FILE - Vice Chair Liz Cheney, R-Wyo., listens as the House select committee investigating
AP Photo/J. Scott Applewhite, File, AP Photo/Andrew Harnik

Rep. Liz Cheney’s (R-WY) nationwide favorability rating is underwater after she fixated on former President Donald Trump on the partisan January 6 Committee, a Wednesday Politico poll found.

Only 32 percent of voters view Cheney favorably, while 35 percent view her unfavorably. Eighteen percent had never heard of Cheney. Fifteen percent had no opinion of the representative. The poll surveyed 2006 voters from July 22-24 with a 2 point margin of error.

The poll comes after Cheney has spent the majority of the midterm campaign season in Washington, D.C. helping the committee. As vice chair, she has been in the spotlight during the regularly occurring hearings, speaking negatively about the defenseless former president.

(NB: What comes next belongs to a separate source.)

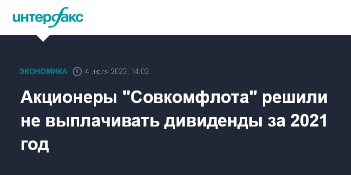 Москва. 4 июля. INTERFAX.RU - Акционеры "Совкомфлота" на годовом собрании, которое состоялось 30 июня, поддержали решение о невыплате дивидендов за 2021 год, говорится в сообщении компании.

“We have considerably more to do. We have far more evidence to share with the American people, and more to gather,” Cheney said on Thursday about Trump during the hearing.

Meanwhile, multiple polls show Cheney is well behind in her race to win reelection on August 16 against Trump-endorsed Harriet Hageman, who surged in second-quarter fundraising. Hageman is endorsed by Sen. Ted Cruz (R-TX) and Rep. Kevin McCarthy (R-CA).

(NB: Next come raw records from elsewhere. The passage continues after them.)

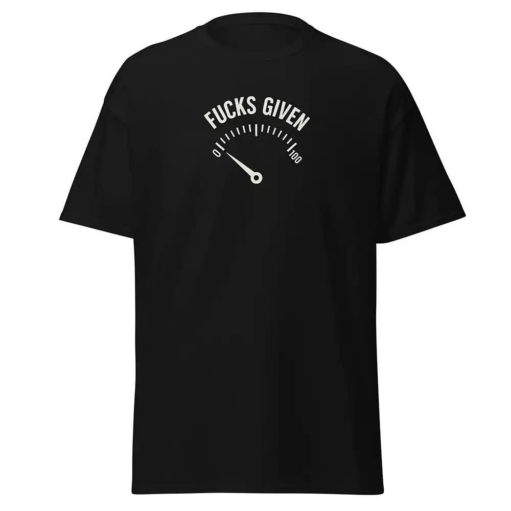 Black unisex t-shirt with off-white "FUCKS GIVEN" text and gauge graphic showing zero – funny sarcastic graphic tee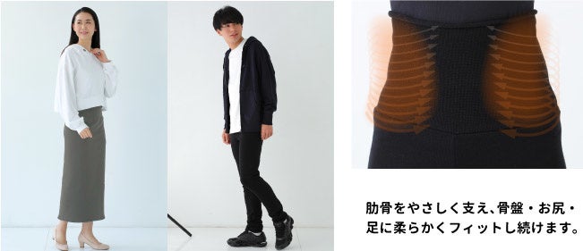姿勢を支えるために「肋骨」を支え、姿勢の崩れを防止させます。ズボンと一体化させることで衣類のズレを防ぎ、素材を保温性に優れたものを採用することで、防寒対策も可能にしました。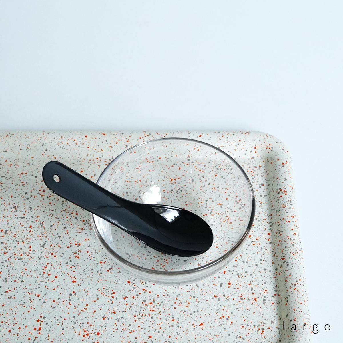 料理だけでなく、デザートスプーンや茶匙、取り分け用のサーバースプーンとしてなど、用途に余地が存在する汎用性の高いレンゲです。表面は琺瑯で加工されています。また、一枚の板を柔らかく曲げたようなシンプルで丸みのある造形は、取手の先まで緩やかに曲げが加わっており、本来のレンゲの用途としても理に適った確かな機能性も持ち合わせています。琺瑯加工が施されていることで、よりまろやかな口当たりになっています。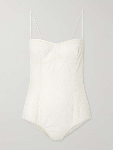 Pauline Dujancourt’s 'Seagull' bodysuit is crafted from sheer lace in a close-fitting silhouette that contours the body. The intricate pattern lends a romantic yet modern edge.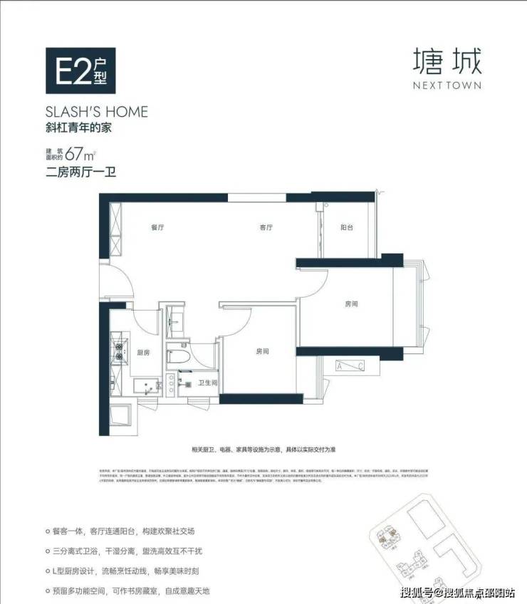 E2户型67㎡二房两厅一卫

Hageman earned their support after Cheney was ousted from her conference chair position by the Republican House caucus by a vote of no confidence. Cheney had previously helped Democrats’ attempt to impeach Trump, along with reportedly orchestrating “unprecedented” Republican sabotage in the Washington Post. As a result, the Wyoming GOP no longer recognizes her as a Republican.

In an interview with the New York Times, Cheney alleged her obsession with Trump is not political but educational. “I don’t look at it through a political lens,” she claimed about her work on the January 6 committee. “I look at it through the angle of: People need to understand how dangerous he is and how unfit for office he is.”

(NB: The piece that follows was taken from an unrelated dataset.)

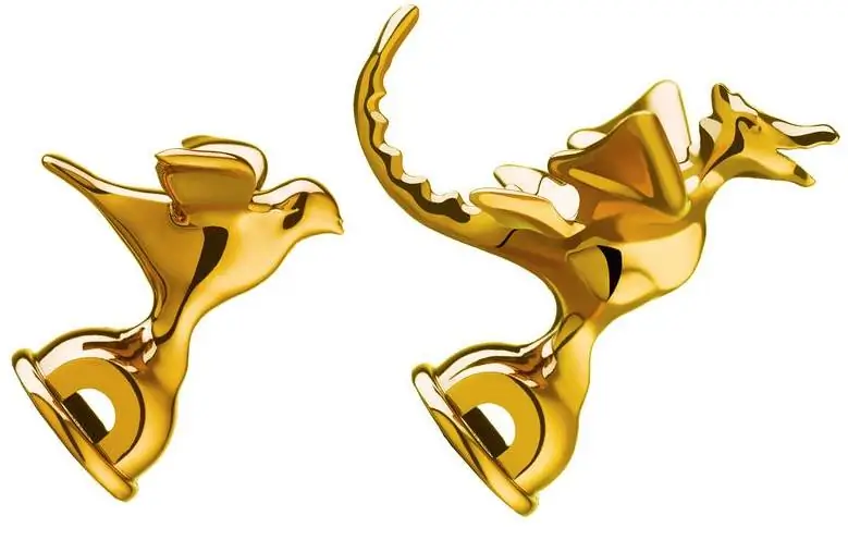 Set bestehend aus zwei zwei Flöten aus PA, Messing metallisiert. Limitierte Auflage von 9.999 Sets. Goldfarbig. Zum 30. Jubiläum des berühmten Wasserkessels 9093 von Michael Graves mit der Vogelflöte. Den Deckel um den Knauf herum ziert der eingestanzte Schriftzug Tea Rex 9093 30th anniversary.

The polling reveals Cheney may have politically miscalculated by obsessing over Trump, who won the state in 2020 with nearly 70 percent of the vote. Brad Coker, managing director of the polling firm Mason-Dixon Polling & Strategy, believes that Cheney will lose the August 16 primary against Hageman due to her alliance with Democrats on the committee.

“This race is more about Liz Cheney than it is about Donald Trump,” he said. “The big story is Liz Cheney is going to get beat,” Coker added. “That’s a foregone conclusion.”